# [Available data]
# # #

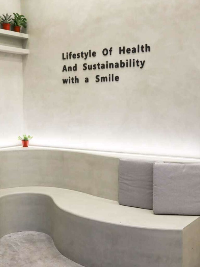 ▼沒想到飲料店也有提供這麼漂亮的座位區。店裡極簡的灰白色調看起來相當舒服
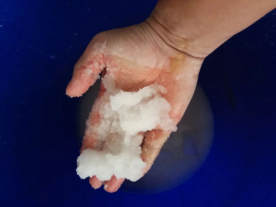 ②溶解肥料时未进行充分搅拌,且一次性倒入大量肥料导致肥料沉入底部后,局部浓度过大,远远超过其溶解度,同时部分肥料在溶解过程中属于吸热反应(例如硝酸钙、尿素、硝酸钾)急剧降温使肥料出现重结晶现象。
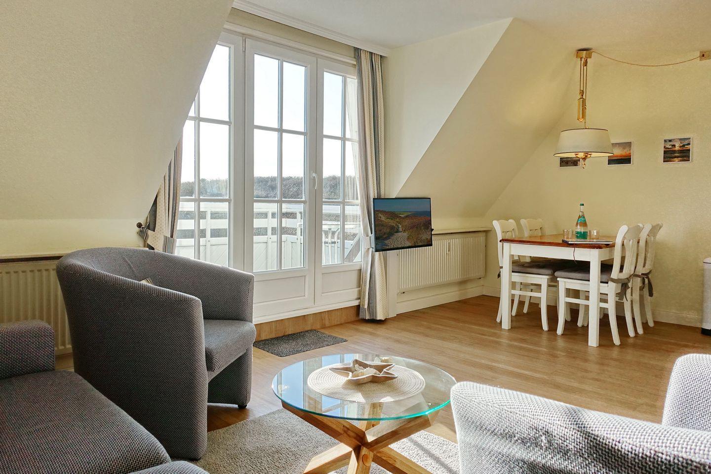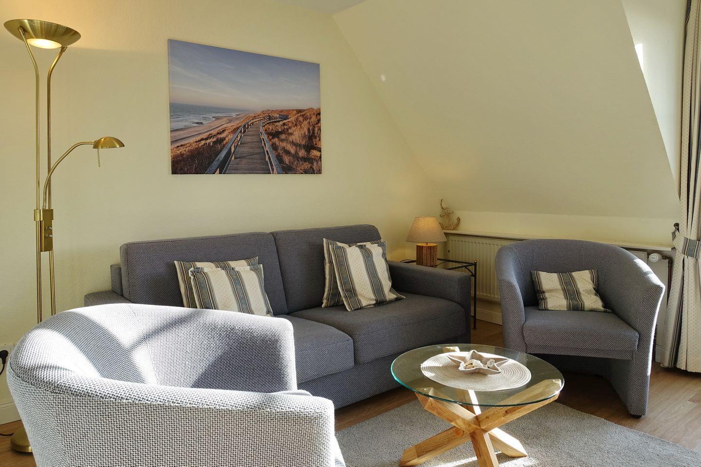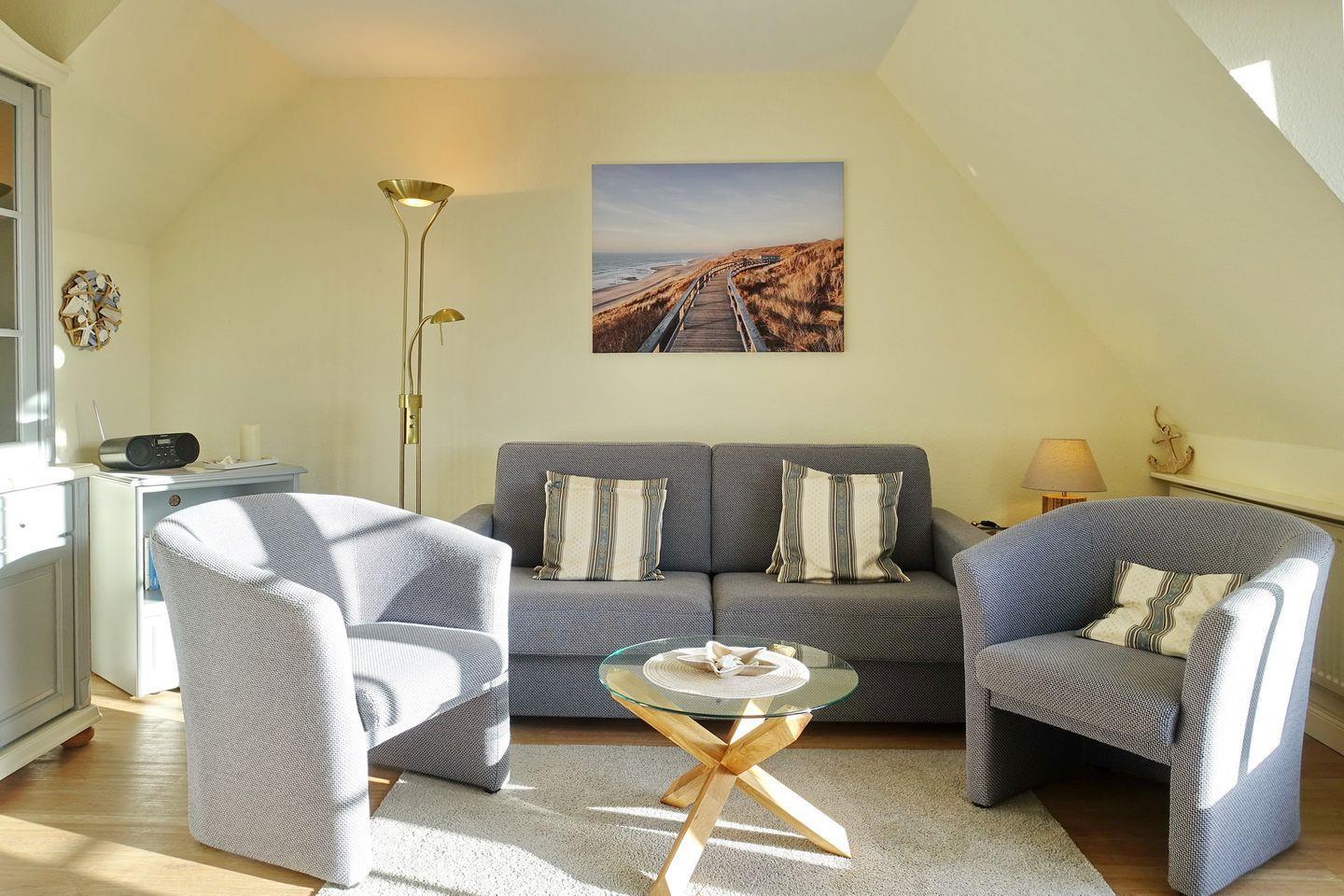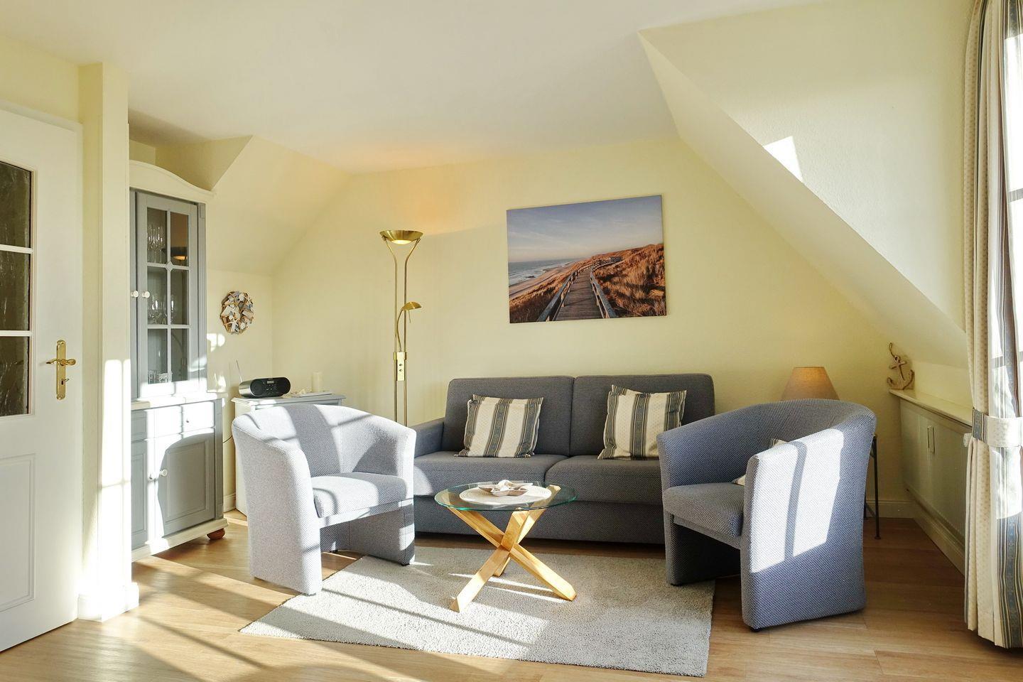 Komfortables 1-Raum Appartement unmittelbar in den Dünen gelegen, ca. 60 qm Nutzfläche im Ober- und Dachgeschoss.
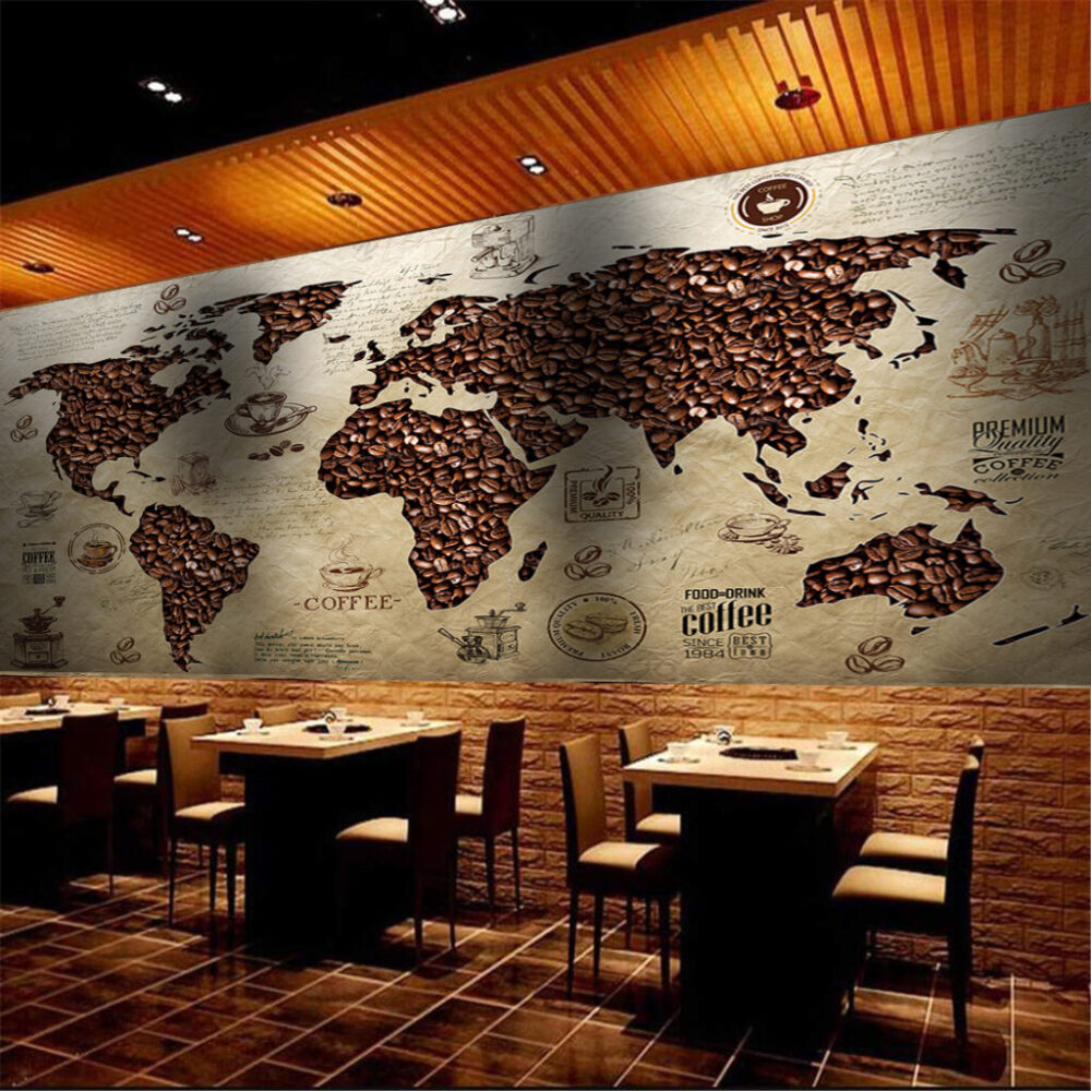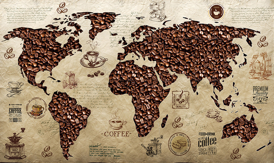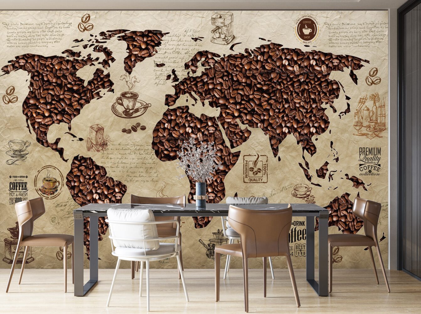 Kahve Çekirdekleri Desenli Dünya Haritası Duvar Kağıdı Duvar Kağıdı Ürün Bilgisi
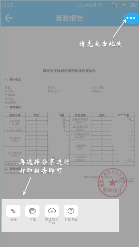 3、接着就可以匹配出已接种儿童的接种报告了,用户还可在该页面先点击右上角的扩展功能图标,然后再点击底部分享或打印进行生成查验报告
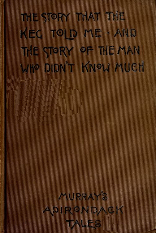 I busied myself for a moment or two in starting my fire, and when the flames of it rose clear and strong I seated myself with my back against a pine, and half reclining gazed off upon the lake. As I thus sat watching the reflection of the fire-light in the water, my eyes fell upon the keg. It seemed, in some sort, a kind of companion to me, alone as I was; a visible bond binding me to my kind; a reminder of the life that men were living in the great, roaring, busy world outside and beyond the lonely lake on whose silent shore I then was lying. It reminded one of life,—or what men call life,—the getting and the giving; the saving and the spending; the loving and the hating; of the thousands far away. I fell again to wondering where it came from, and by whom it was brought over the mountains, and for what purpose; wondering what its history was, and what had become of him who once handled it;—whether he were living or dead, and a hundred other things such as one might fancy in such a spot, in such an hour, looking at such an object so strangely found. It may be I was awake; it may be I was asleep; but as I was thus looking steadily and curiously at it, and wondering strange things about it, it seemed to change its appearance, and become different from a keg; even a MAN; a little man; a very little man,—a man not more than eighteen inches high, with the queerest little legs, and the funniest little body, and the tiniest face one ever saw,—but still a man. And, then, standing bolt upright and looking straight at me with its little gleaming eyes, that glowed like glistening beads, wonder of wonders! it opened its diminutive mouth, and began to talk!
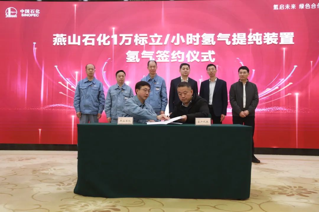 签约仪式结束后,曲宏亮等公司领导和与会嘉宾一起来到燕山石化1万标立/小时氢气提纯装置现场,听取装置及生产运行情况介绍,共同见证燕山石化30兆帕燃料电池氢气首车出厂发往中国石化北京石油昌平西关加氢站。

# # #

# [What is being asked]
Each record above must be set down again unchanged, with its pictures left out.

# [Task output]
 ▼沒想到飲料店也有提供這麼漂亮的座位區。店裡極簡的灰白色調看起來相當舒服
 ②溶解肥料时未进行充分搅拌,且一次性倒入大量肥料导致肥料沉入底部后,局部浓度过大,远远超过其溶解度,同时部分肥料在溶解过程中属于吸热反应(例如硝酸钙、尿素、硝酸钾)急剧降温使肥料出现重结晶现象。
 Komfortables 1-Raum Appartement unmittelbar in den Dünen gelegen, ca. 60 qm Nutzfläche im Ober- und Dachgeschoss.
 Kahve Çekirdekleri Desenli Dünya Haritası Duvar Kağıdı Duvar Kağıdı Ürün Bilgisi
 3、接着就可以匹配出已接种儿童的接种报告了,用户还可在该页面先点击右上角的扩展功能图标,然后再点击底部分享或打印进行生成查验报告
 I busied myself for a moment or two in starting my fire, and when the flames of it rose clear and strong I seated myself with my back against a pine, and half reclining gazed off upon the lake. As I thus sat watching the reflection of the fire-light in the water, my eyes fell upon the keg. It seemed, in some sort, a kind of companion to me, alone as I was; a visible bond binding me to my kind; a reminder of the life that men were living in the great, roaring, busy world outside and beyond the lonely lake on whose silent shore I then was lying. It reminded one of life,—or what men call life,—the getting and the giving; the saving and the spending; the loving and the hating; of the thousands far away. I fell again to wondering where it came from, and by whom it was brought over the mountains, and for what purpose; wondering what its history was, and what had become of him who once handled it;—whether he were living or dead, and a hundred other things such as one might fancy in such a spot, in such an hour, looking at such an object so strangely found. It may be I was awake; it may be I was asleep; but as I was thus looking steadily and curiously at it, and wondering strange things about it, it seemed to change its appearance, and become different from a keg; even a MAN; a little man; a very little man,—a man not more than eighteen inches high, with the queerest little legs, and the funniest little body, and the tiniest face one ever saw,—but still a man. And, then, standing bolt upright and looking straight at me with its little gleaming eyes, that glowed like glistening beads, wonder of wonders! it opened its diminutive mouth, and began to talk!
 签约仪式结束后,曲宏亮等公司领导和与会嘉宾一起来到燕山石化1万标立/小时氢气提纯装置现场,听取装置及生产运行情况介绍,共同见证燕山石化30兆帕燃料电池氢气首车出厂发往中国石化北京石油昌平西关加氢站。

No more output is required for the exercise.